Julie K. Brown's Book 'Perversion of Justice' Goes Inside An Investigative Reporter's Determination


Photographer:

Jo Manning

Perversion Of Justice: The Jeffrey Epstein Story, by Julie K. Brown, Dey Street/William
Morrow, © 2021, 448 pages, $27.99


Miami Herald investigative reporter Julie K. Brown opens her tale with a dedication to those she names as the survivors of the sordid sex trafficker Jeffrey Epstein.

"Pervasion of Justice: The Jeffrey Epstein Story," released on July 20, tells a true-life, sordid story, which continues its ramifications today.
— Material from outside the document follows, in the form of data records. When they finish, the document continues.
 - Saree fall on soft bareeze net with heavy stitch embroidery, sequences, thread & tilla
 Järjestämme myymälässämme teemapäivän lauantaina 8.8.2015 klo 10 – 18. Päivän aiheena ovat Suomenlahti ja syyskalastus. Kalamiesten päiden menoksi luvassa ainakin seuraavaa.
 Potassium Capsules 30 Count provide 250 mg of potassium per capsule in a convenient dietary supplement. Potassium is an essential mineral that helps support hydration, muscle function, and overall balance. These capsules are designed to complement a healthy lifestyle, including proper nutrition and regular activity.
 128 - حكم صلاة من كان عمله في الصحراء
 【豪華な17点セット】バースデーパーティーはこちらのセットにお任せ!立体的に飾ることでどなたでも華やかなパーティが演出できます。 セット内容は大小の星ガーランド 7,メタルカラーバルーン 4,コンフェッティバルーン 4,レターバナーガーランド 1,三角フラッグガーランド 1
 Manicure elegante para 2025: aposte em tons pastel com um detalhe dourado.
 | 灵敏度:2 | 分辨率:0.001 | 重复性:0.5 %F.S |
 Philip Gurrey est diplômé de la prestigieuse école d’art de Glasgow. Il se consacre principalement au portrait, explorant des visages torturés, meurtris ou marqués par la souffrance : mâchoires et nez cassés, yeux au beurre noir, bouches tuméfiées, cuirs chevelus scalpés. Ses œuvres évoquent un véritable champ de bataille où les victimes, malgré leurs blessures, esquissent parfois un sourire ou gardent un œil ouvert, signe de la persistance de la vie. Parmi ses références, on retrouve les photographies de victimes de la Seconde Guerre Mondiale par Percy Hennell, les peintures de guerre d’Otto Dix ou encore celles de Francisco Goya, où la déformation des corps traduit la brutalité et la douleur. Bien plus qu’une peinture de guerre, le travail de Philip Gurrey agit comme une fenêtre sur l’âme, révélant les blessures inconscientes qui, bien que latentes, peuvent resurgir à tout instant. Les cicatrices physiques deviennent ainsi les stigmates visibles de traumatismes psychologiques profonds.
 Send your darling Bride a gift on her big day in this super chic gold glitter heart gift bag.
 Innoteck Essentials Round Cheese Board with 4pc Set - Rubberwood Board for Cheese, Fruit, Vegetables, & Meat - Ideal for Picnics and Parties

The perversion is not only that of Epstein and his friends and business partners on the sexual level, but it strikes at the very heart of our legal and criminal justice system — a system that allowed a certain kind of behavior to exist. To put it bluntly, those with money – billionaires and those with friends in high places – could and still can get away with anything. Yes, anything. Epstein never paid for what he did to so many young teenaged women. He was protected every step of the way. Though charged in 2008 with soliciting prostitution from minors, he successfully called the shots, doing everything he had done before, despite the fact of being held in custody.

Photographer:

It took a long time to take down Epstein, and Brown was dogged in her perseverance to get the story. Originally appearing in three parts in The Miami Herald, the obstacles in her way were many.

Documents she requested were denied, and when she did get them, they were heavily and ridiculously redacted. In every stage of her research into Epstein and his crimes, many people were insistent on not speaking with her for her stories. Brown recounts one such episode in her book, the maddening back-and-forth she had with South Beach resident and infamous lawyer Alan Dershowitz.

Brown was repeatedly chided by many for stubbornly refusing to put the story aside.

In the end, she succeeded, thanks also to help from people like Michael Reiter and the late Joe Recarey, who supported her work (and to who she also dedicates this book).

(Hear a sample from the book below.)
 

The single mother of two endured pay cuts as a journalist as newspaper readership continued and still continues to decline. She worried about keeping her job. She remained undeterred.

So who was Jeffrey Epstein? Brown tells us he was a con man, a scammer and user who used his charm to convince people to hire him despite his lack of credentials. He got a job teaching math and science at the Dalton School in New York City thanks to the father of former attorney general Bill Barr; billionaires like Les Wexler of The Limited and Victoria’s Secret threw millions of dollars at him. He counted among his BFFs the billionaire Leon Black, Prince Andrew of Great Britain, and former presidents Bill Clinton and Donald Trump. Photos of Epstein and his girlfriend Ghislaine Maxwell were in all the newspaper and glossy magazine society pages. All the while, they were supplying vulnerable girls to men who were eager to have sex with them.

Brown, however, doesn't dwell on the more, disgusting and degenerate aspects of what was done against the girls against their wills. But readers will “get” it; depraved descriptions are unnecessary. What this reviewer found most depraved were the actions of those who should have known better, like U.S. attorney Alex Acosta of Florida, who approved the plea deal for Epstein. (He was later rewarded by being named Trump’s Secretary of Labor.)

How no one with the power to stop any of Epstein and company's deeds is the story Brown goes into and, in great detail in a hefty book of almost 450 pages.

And that “suicide” in prison? Brown makes it clear that no one believes it. The perverted sex addict himself had the goods on far too many important and wealthy people. No way was he going to be allowed to rat them out, no way on earth.

And now, his partner in crime, Ms. Maxwell, as bad, if not worse as he was, is in prison. She has the goods on a lot of folks, too.

We can only hope she is being better guarded than her vile partner. There is a lot more that needs to come out and many more to pay for their collusion in this tangled story of sex, corruption and secrets.